In recent years, with the increasing maturity and perfection of mobile internet, a novel mutual-aid community insurance form based on community relations is more and more well known and accepted by the public, mutual-aid fulfillment and compensation services similar to the traditional insurance industry are gradually perfected, and how to effectively identify the authenticity of information provided by users applying mutual-aid fulfillment reports becomes a key factor for the healthy and durable development of mutual-aid insurance.

In the related art, the behavior of fraud protection is generally based on the way of defining rules to control the risk of insurance claims, and after the fraud is found, an analyst can extract key points of the case, abstract the key points as a rule, and add the rule to a rule engine. When a new report appears, the system firstly queries a rule engine system and returns a risk control result according to the rule hit condition.

The above scheme has certain defects: firstly, the maintenance cost of the rule engine is high, once the scale of fraud is increased, a large number of analysts are needed to analyze the reason of the fraud and comb out the fraud rules, and the rule output period is long; second, rule weights cannot be learned automatically, and when a certain reported case hits multiple rules at the same time, it is impossible to determine which rule is more important, and rule weights cannot be maintained automatically.

Therefore, how to efficiently and accurately identify the authenticity of the user report information so as to realize risk control becomes a technical problem to be solved urgently at present.

Disclosure of Invention

In view of this, embodiments of the present invention provide a risk control method, system, storage medium, and computing device, which can efficiently and accurately identify the authenticity of user application information, so as to achieve the purpose of risk control.

According to an aspect of an embodiment of the present invention, there is provided a risk control method, including:

receiving the report information of a user, and performing text processing on the report information of the user to obtain report information after the text processing;

predicting the risk corresponding to the report information after the text processing by using the constructed user risk scoring target model to obtain a prediction result;

and executing corresponding risk control operation based on the prediction result.

Optionally, constructing a user risk scoring target model by:

analyzing the collected user portrait data to obtain a user sample data set;

constructing an initial model of user risk score;

selecting training set data from the user sample data set, and training the user risk score initial model by using the training set data to obtain a trained user risk score model;

selecting test set data from the user sample data set, evaluating the trained user risk scoring model by using the test set data, and determining whether to optimize and adjust the trained user risk scoring model according to an evaluation result so as to obtain a user risk scoring target model.

Optionally, the user representation data includes one or more items of user basic attribute information, user behavior information, user service information, user report information and user social information.

Optionally, the analyzing the collected user portrait data to obtain a user sample data set includes:

analyzing the collected user portrait data to determine a user risk score value;

extracting one or more user features from the collected user portrait data, and determining a feature value of each of the one or more user features according to feature information of the one or more user features;

generating a user sample data set based on the user risk score value, the one or more user characteristics, and respective characteristic values of the one or more user characteristics.

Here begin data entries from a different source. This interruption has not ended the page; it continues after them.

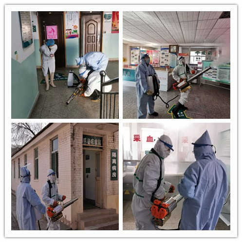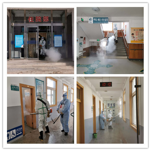 环境消毒工作是一项重要的院感工作,是做好疫情防控工作的第一道防线。按照《医疗机构消毒技术规范》,医务人员对日常工作区域进行每日2次的常规消毒。在新冠肺炎疫情防控的特殊时期,为做好春季学生返校工作进行提前部署、加强院感防控,校医院对全院医疗区域再次进行彻底的、无死角环境消毒。院领导、院感科对此次消毒工作进行了充足的准备。医院疫情防控物资保障组通过多方努力、精心挑选购置了专用电动高压喷雾器,积极支持和配合院感防控组开展全院消毒工作。院感科相关工作人员提前穿戴好护目镜、口罩、帽子、连体防护衣、手套等防护物品,按照标准调配含氯消毒液,对门诊楼大厅、行政办公区、检验科等候区、隔离病房、住院部楼道、手术室、卫生间、供应室、影像科等公共区域的墙面、地面、物体表面等进行了彻底的环境清洁和消毒。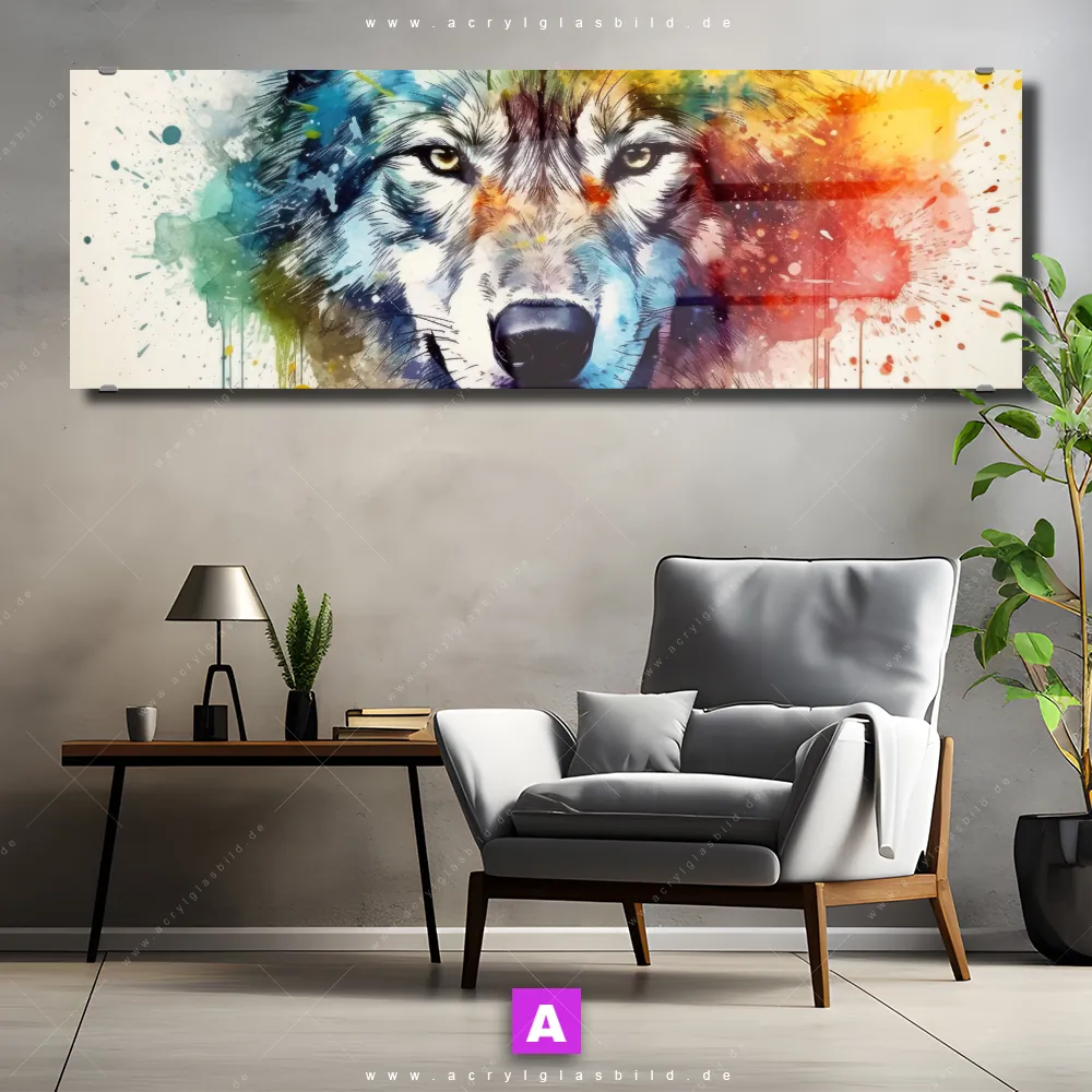 Also, worauf wartest du noch? Verwandle deine tristen Wände in Bar - Gastronomie, Wohnzimmer - Schlafzimmer, Büro - Kanzlei, Flur - Eingangsbereich in inspirierende Kunstwerke aus der Kategorie Tierwelt und bestelle jetzt das Acrylglasbild bunter Wolfskopf umgeben von Farbenpracht!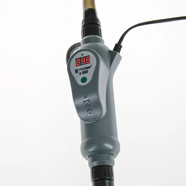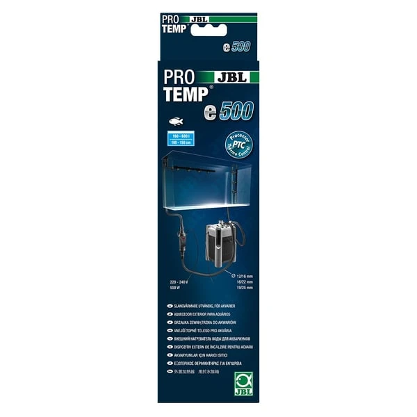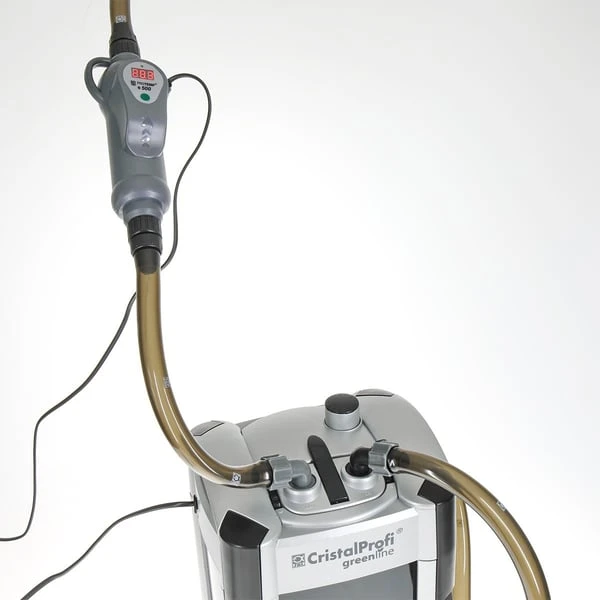Modell e500: 1 Durchlaufheizer 500 W für Aquarien von 160-600 l (100-150 cm) mit Schlauchanschlüssen für 12/16, 16/22 und 19/25 mm und Reinigungsbürste.

Optionally, the analyzing the collected user representation data to determine a user risk score value includes:

acquiring historical report information of a user from the collected user portrait data;

and determining the risk score value of the user according to the historical report information of the user.

Optionally, determining a feature value of each of the one or more user features according to the feature information of the one or more user features includes:

carrying out specific value filling processing on the characteristic information of the one or more user characteristics to determine the characteristic value of each of the one or more user characteristics; and/or

And carrying out quantitative conversion processing on the characteristic information of the one or more user characteristics, and determining the characteristic value of each of the one or more user characteristics.

Optionally, training the initial user risk score model by using the training set data to obtain a trained user risk score model, including:

and taking the characteristic values of one or more user characteristics in the training set data as the input of the user risk scoring initial model, taking the user risk scoring values in the training set data as the output of the user risk scoring initial model, training the user risk scoring initial model, and determining the weight of one or more user characteristics so as to obtain the trained user risk scoring model.

Optionally, the evaluating the trained user risk score model by using the test set data, and determining whether to optimize and adjust the trained user risk score model according to an evaluation result, so as to obtain a user risk score target model, including:

inputting the characteristic values of one or more user characteristics in the test set data into the trained user risk scoring model to obtain the user risk scoring value output by the trained user risk scoring model;

comparing the user risk score value in the test set data with an output user risk score value, and calculating the accuracy of an output result of the trained user risk score model according to a comparison result;

if the accuracy of the output result is greater than or equal to a preset threshold value, determining that the trained user risk scoring model is not subjected to optimization adjustment, and taking the trained user risk scoring model as a user risk scoring target model;

and if the accuracy of the output result is smaller than a preset threshold value, determining to perform optimization adjustment on the trained user risk scoring model, and taking the model after optimization adjustment as a user risk scoring target model.

Optionally, the receiving the user's application information includes:

providing an interface for reporting cases for a user;

and acquiring the report information submitted by the user according to the report interface of the case.

Optionally, predicting the risk corresponding to the report information after the text processing by using the constructed user risk scoring target model includes:

acquiring characteristic values of one or more user characteristics according to the report information after the text processing;

inputting the obtained characteristic values of one or more user characteristics into the constructed user risk score target model, and calculating a user risk score value corresponding to the report information after text processing;

and predicting the risk corresponding to the report information after the text processing according to the user risk score value corresponding to the report information after the text processing.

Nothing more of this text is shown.